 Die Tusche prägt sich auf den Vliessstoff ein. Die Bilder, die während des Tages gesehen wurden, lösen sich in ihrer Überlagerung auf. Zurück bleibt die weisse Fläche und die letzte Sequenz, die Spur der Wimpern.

...

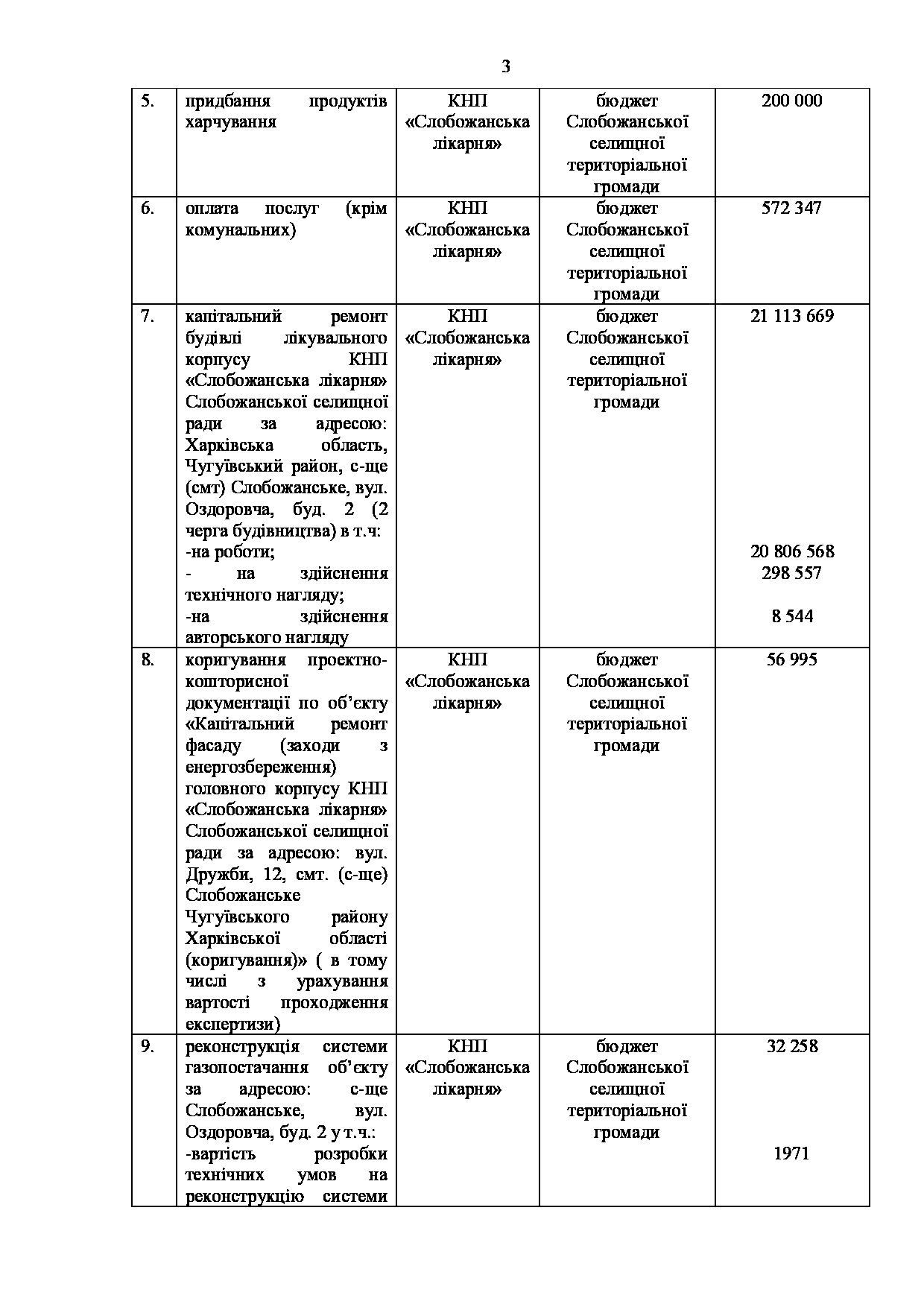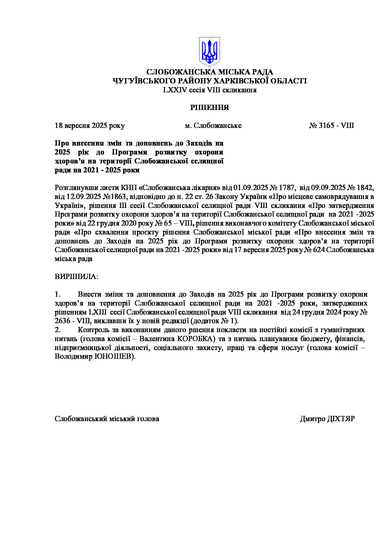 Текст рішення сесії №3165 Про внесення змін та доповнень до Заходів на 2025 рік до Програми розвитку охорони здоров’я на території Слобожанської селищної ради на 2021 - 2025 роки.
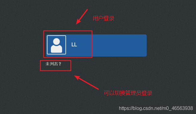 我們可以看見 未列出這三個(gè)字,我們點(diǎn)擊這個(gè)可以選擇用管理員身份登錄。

Task prompt:
Without the pictures, give again exactly the lines above starting at the line containing "Текст рішення сесії" and ending at the line containing "我們可以看見 未列出這三個(gè)字,我".

Result of the task:
 Текст рішення сесії №3165 Про внесення змін та доповнень до Заходів на 2025 рік до Програми розвитку охорони здоров’я на території Слобожанської селищної ради на 2021 - 2025 роки.
 我們可以看見 未列出這三個(gè)字,我們點(diǎn)擊這個(gè)可以選擇用管理員身份登錄。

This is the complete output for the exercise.